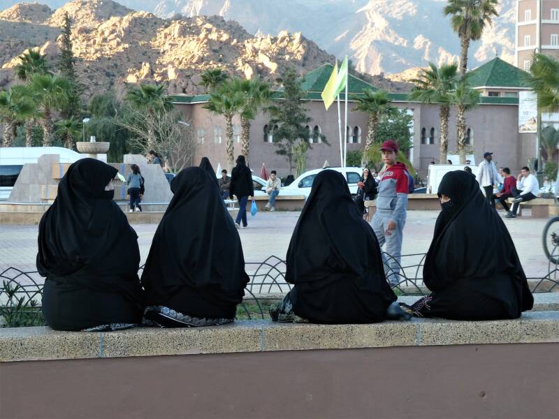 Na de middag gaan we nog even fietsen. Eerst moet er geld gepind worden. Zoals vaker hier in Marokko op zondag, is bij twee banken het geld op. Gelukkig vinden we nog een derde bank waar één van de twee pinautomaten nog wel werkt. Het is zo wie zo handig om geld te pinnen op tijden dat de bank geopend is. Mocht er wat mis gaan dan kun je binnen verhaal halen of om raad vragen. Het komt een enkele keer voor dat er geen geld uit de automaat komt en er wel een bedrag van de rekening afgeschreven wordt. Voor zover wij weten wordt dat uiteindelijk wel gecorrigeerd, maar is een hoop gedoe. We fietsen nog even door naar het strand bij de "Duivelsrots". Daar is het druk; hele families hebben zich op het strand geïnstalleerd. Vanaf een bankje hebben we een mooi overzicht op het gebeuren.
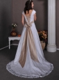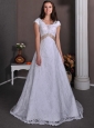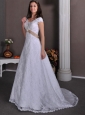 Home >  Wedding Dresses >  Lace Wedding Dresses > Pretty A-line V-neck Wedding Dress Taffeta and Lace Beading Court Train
==
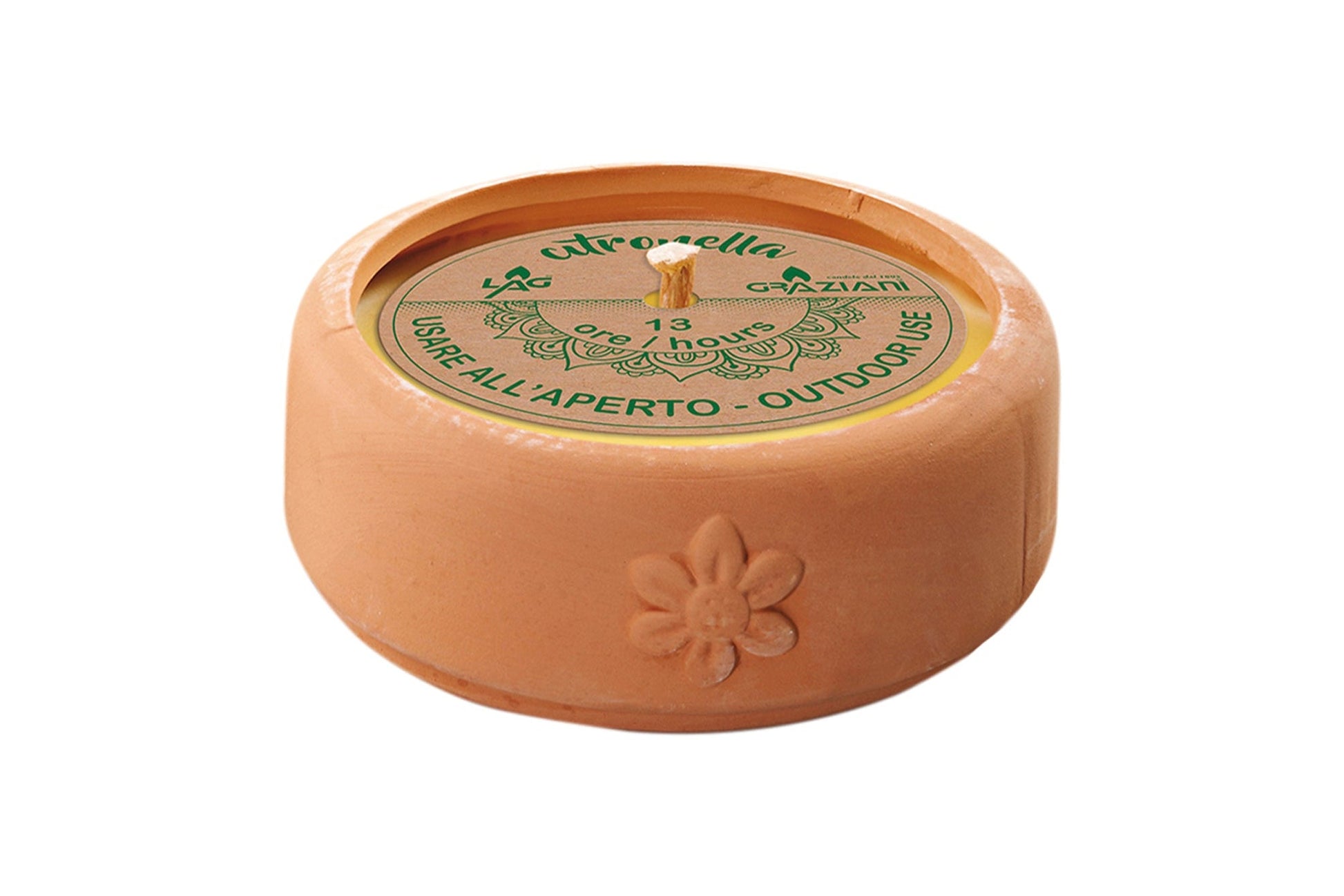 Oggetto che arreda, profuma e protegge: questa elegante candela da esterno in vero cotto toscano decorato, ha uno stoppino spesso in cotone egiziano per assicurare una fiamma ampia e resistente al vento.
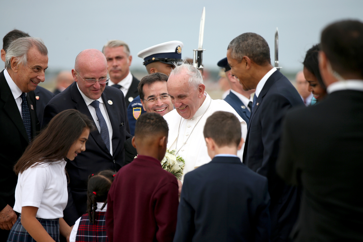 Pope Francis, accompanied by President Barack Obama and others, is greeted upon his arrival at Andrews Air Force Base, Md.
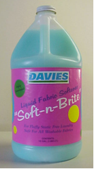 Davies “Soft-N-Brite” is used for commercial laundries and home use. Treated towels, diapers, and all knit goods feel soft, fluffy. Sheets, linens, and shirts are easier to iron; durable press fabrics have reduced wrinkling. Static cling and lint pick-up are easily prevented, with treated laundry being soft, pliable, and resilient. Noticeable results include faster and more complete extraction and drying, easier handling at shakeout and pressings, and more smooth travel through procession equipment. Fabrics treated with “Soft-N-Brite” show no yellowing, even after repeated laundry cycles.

Assigned task
Starting at the line above that holds "Na de middag", return each line up to and including the one that holds "Home >  Wedding Dresses >  Lace", exactly as written, minus any pictures.

Answer space
 Na de middag gaan we nog even fietsen. Eerst moet er geld gepind worden. Zoals vaker hier in Marokko op zondag, is bij twee banken het geld op. Gelukkig vinden we nog een derde bank waar één van de twee pinautomaten nog wel werkt. Het is zo wie zo handig om geld te pinnen op tijden dat de bank geopend is. Mocht er wat mis gaan dan kun je binnen verhaal halen of om raad vragen. Het komt een enkele keer voor dat er geen geld uit de automaat komt en er wel een bedrag van de rekening afgeschreven wordt. Voor zover wij weten wordt dat uiteindelijk wel gecorrigeerd, maar is een hoop gedoe. We fietsen nog even door naar het strand bij de "Duivelsrots". Daar is het druk; hele families hebben zich op het strand geïnstalleerd. Vanaf een bankje hebben we een mooi overzicht op het gebeuren.
 Home >  Wedding Dresses >  Lace Wedding Dresses > Pretty A-line V-neck Wedding Dress Taffeta and Lace Beading Court Train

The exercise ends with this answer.